*BRIEF:* In the records below, find the line with "さまざまな美術・工芸に表され" and the line with "The aptly named"; return exactly those lines and every line between them.

*DATA FOR PROCESSING:*
——————————
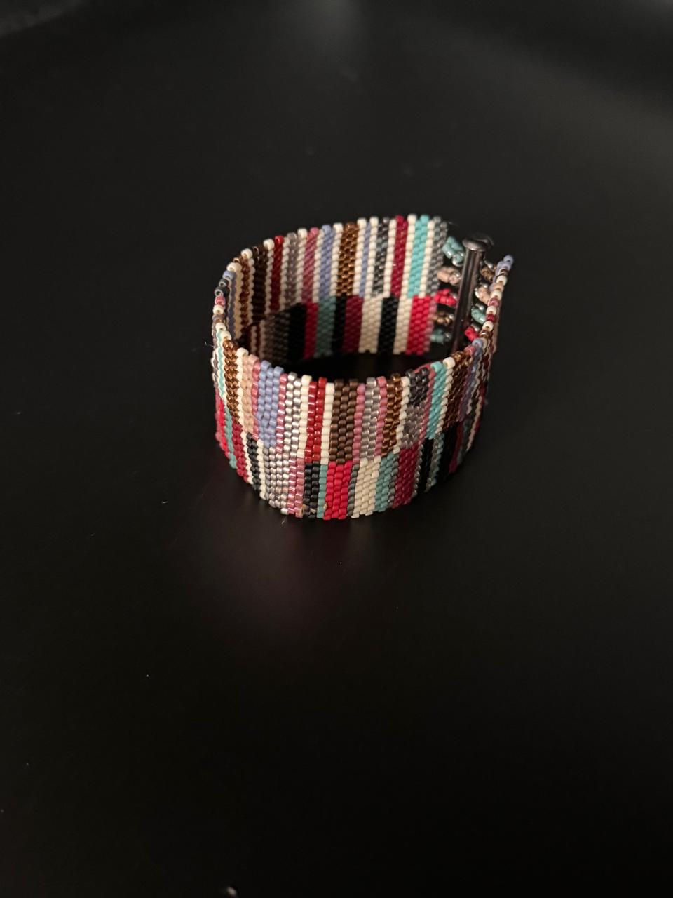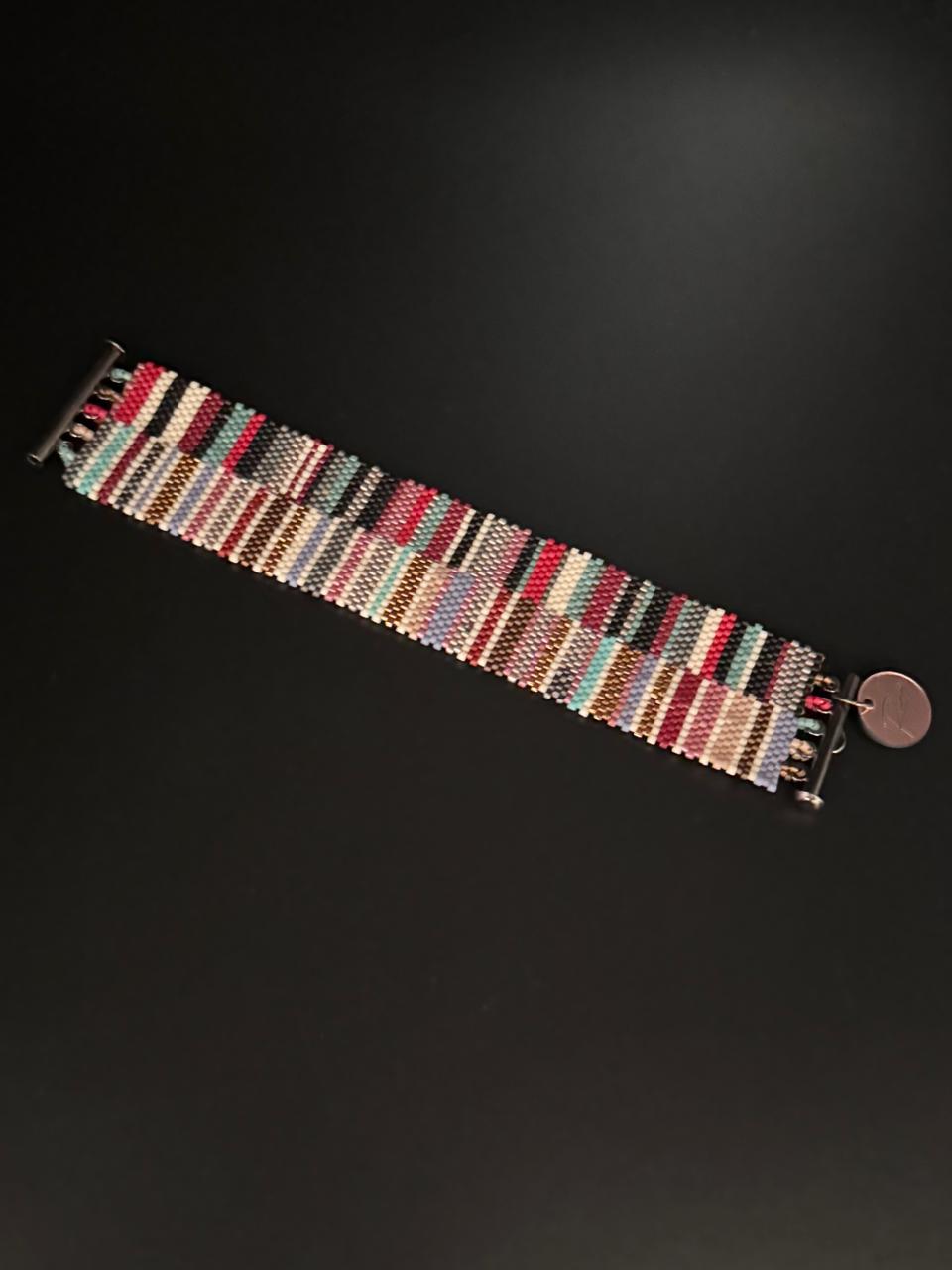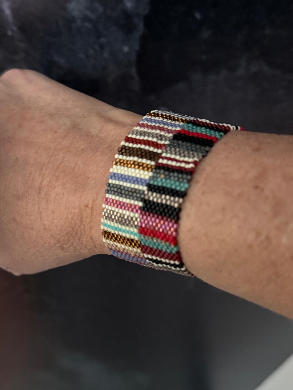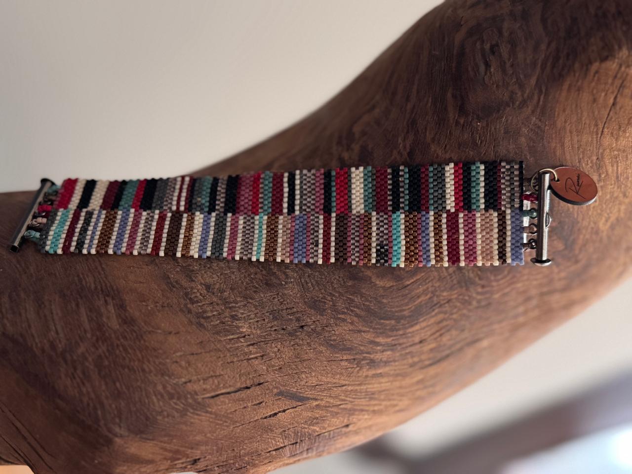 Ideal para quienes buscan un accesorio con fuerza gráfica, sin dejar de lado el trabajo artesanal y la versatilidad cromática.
——————————
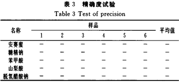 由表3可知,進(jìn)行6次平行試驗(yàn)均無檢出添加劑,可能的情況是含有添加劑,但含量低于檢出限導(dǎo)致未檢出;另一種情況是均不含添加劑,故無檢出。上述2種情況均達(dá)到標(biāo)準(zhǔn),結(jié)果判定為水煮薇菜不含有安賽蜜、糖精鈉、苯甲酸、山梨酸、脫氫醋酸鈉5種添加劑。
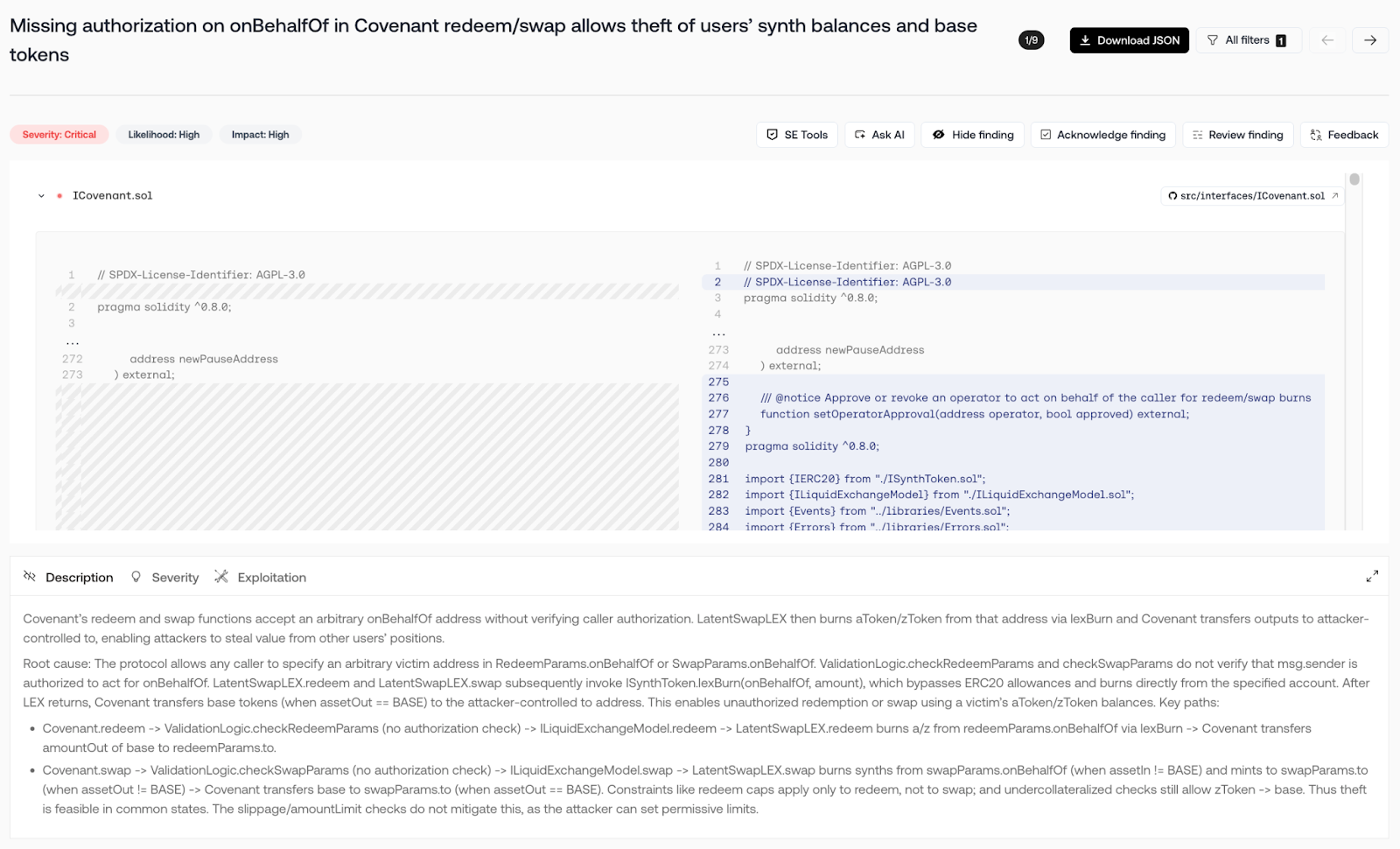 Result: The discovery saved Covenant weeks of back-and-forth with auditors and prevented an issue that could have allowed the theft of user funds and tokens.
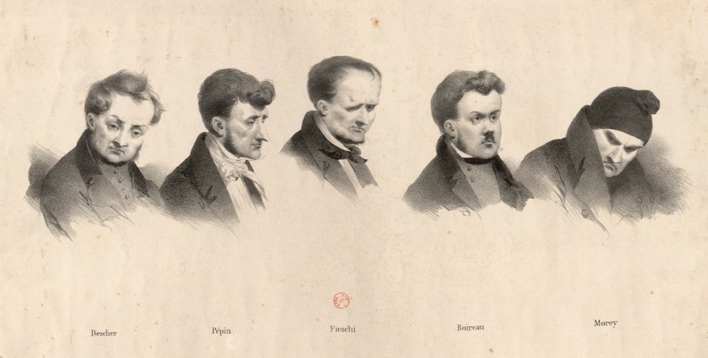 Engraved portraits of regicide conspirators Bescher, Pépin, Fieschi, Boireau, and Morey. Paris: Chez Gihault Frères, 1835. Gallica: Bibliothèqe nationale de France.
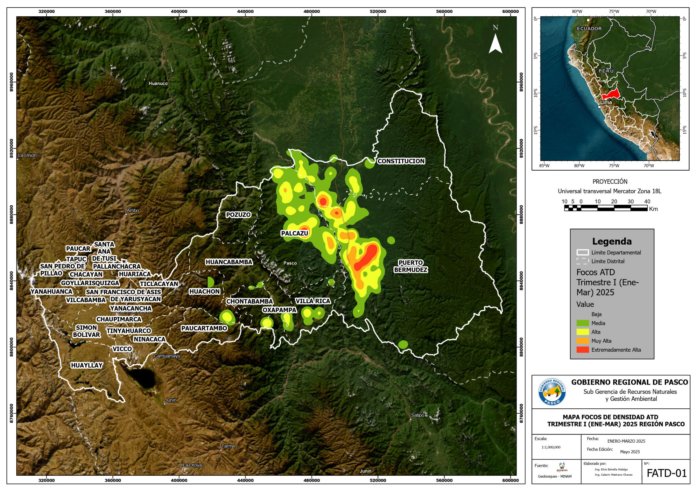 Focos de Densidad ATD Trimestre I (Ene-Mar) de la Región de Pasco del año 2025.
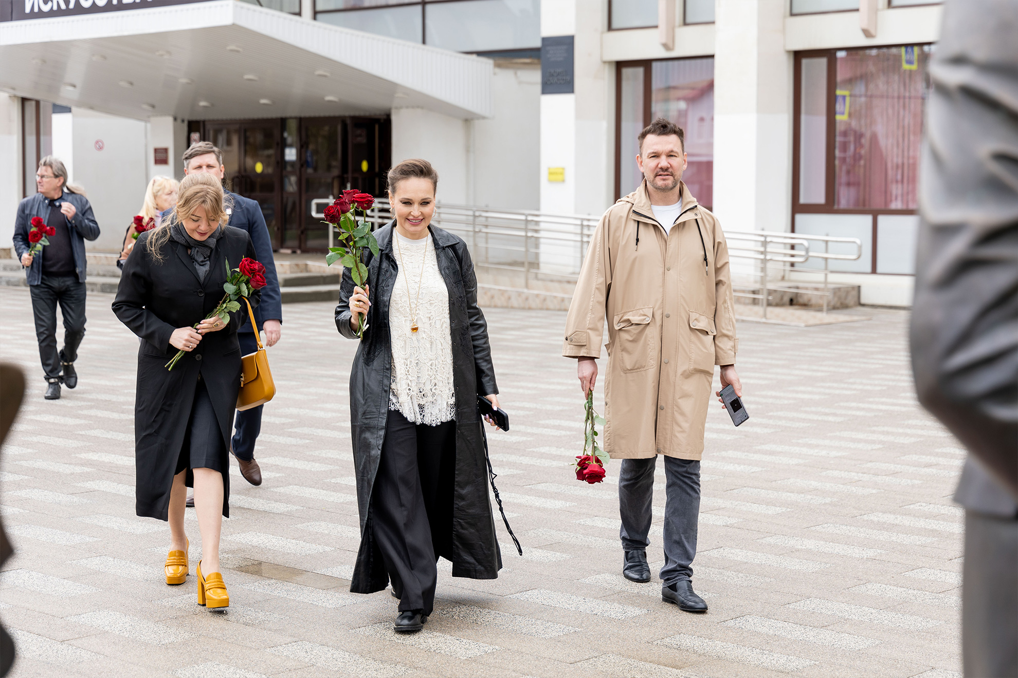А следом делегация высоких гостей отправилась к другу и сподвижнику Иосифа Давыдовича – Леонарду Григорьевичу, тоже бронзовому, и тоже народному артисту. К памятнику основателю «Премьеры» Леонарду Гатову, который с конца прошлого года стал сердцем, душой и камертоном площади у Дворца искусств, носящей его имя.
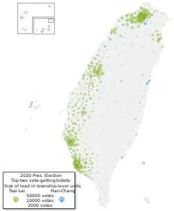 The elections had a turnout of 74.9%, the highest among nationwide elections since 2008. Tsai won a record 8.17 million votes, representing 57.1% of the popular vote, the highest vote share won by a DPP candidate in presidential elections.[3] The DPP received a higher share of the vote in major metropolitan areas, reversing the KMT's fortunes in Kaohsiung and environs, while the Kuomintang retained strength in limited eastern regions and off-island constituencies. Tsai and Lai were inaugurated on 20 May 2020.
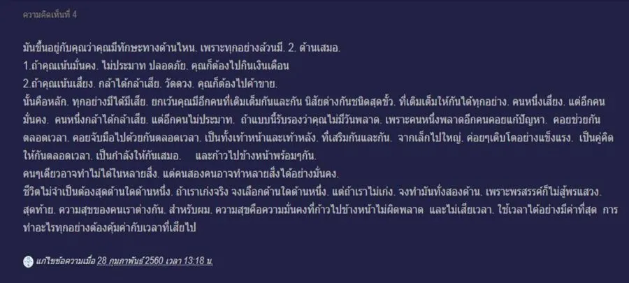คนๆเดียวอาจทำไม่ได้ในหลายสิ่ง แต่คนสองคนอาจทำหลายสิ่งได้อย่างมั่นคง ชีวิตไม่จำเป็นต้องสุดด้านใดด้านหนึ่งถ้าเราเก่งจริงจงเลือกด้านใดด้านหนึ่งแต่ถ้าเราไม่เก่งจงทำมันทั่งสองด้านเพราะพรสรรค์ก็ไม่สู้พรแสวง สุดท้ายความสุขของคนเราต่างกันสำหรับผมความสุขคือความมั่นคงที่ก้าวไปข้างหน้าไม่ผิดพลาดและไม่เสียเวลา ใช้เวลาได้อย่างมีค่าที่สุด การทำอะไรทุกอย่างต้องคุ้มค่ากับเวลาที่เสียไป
——————————
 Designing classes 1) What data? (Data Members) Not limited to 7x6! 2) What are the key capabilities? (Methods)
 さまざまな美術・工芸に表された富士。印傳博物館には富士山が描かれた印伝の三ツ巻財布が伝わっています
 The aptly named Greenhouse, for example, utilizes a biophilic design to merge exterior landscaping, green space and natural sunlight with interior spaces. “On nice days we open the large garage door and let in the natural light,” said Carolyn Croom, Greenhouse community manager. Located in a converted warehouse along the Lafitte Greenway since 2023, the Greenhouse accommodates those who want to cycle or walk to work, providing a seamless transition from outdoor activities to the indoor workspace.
——————————
*ANSWER TO THIS TASK:*
 さまざまな美術・工芸に表された富士。印傳博物館には富士山が描かれた印伝の三ツ巻財布が伝わっています
 The aptly named Greenhouse, for example, utilizes a biophilic design to merge exterior landscaping, green space and natural sunlight with interior spaces. “On nice days we open the large garage door and let in the natural light,” said Carolyn Croom, Greenhouse community manager. Located in a converted warehouse along the Lafitte Greenway since 2023, the Greenhouse accommodates those who want to cycle or walk to work, providing a seamless transition from outdoor activities to the indoor workspace.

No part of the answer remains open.